━━━━━ Dataset content ━━━━━

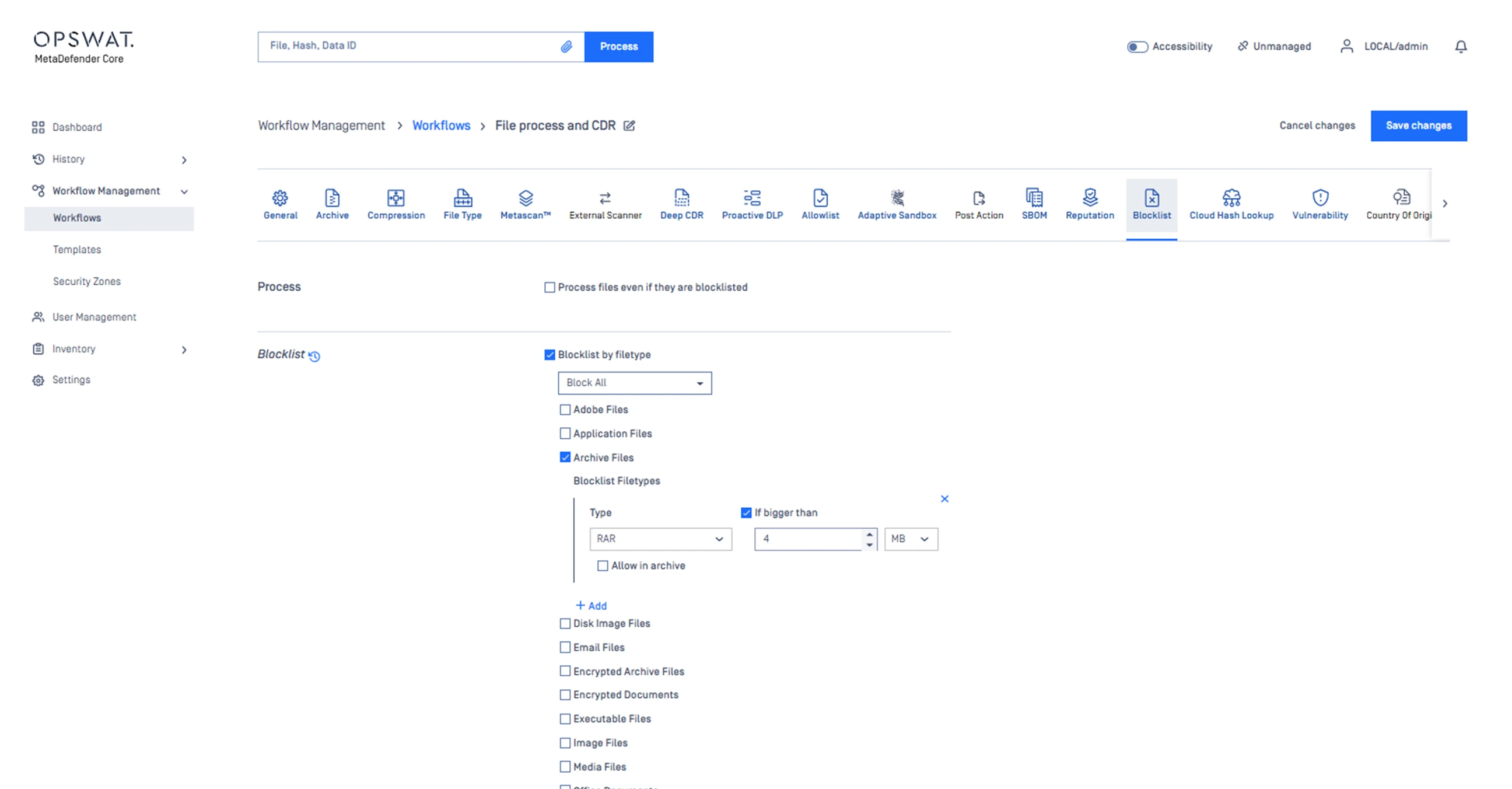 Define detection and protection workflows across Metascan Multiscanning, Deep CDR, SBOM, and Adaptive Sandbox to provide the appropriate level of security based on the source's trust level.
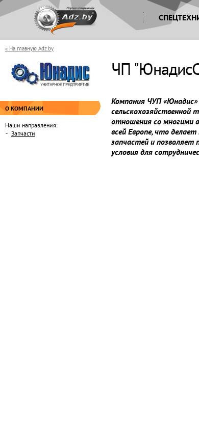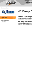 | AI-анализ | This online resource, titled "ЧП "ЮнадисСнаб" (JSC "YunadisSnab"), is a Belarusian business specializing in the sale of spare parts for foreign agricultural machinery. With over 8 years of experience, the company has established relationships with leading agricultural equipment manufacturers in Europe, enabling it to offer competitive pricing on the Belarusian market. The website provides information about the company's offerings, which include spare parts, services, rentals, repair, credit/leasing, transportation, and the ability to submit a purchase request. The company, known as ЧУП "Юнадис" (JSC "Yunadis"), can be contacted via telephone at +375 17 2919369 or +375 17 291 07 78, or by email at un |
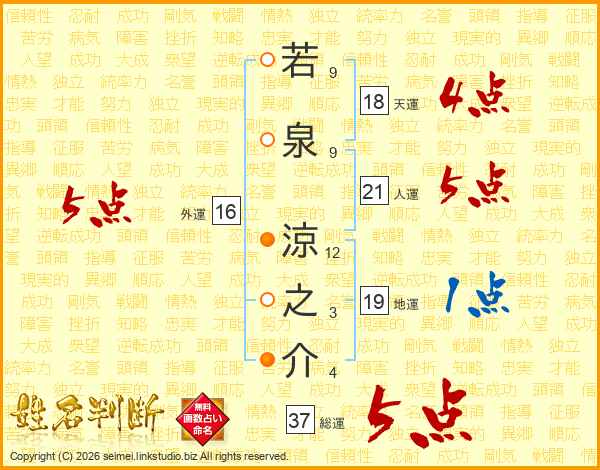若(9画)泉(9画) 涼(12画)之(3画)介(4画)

━━━━━

Would you return the material above exactly, apart from its pictures?

 Define detection and protection workflows across Metascan Multiscanning, Deep CDR, SBOM, and Adaptive Sandbox to provide the appropriate level of security based on the source's trust level.
 | AI-анализ | This online resource, titled "ЧП "ЮнадисСнаб" (JSC "YunadisSnab"), is a Belarusian business specializing in the sale of spare parts for foreign agricultural machinery. With over 8 years of experience, the company has established relationships with leading agricultural equipment manufacturers in Europe, enabling it to offer competitive pricing on the Belarusian market. The website provides information about the company's offerings, which include spare parts, services, rentals, repair, credit/leasing, transportation, and the ability to submit a purchase request. The company, known as ЧУП "Юнадис" (JSC "Yunadis"), can be contacted via telephone at +375 17 2919369 or +375 17 291 07 78, or by email at un |
若(9画)泉(9画) 涼(12画)之(3画)介(4画)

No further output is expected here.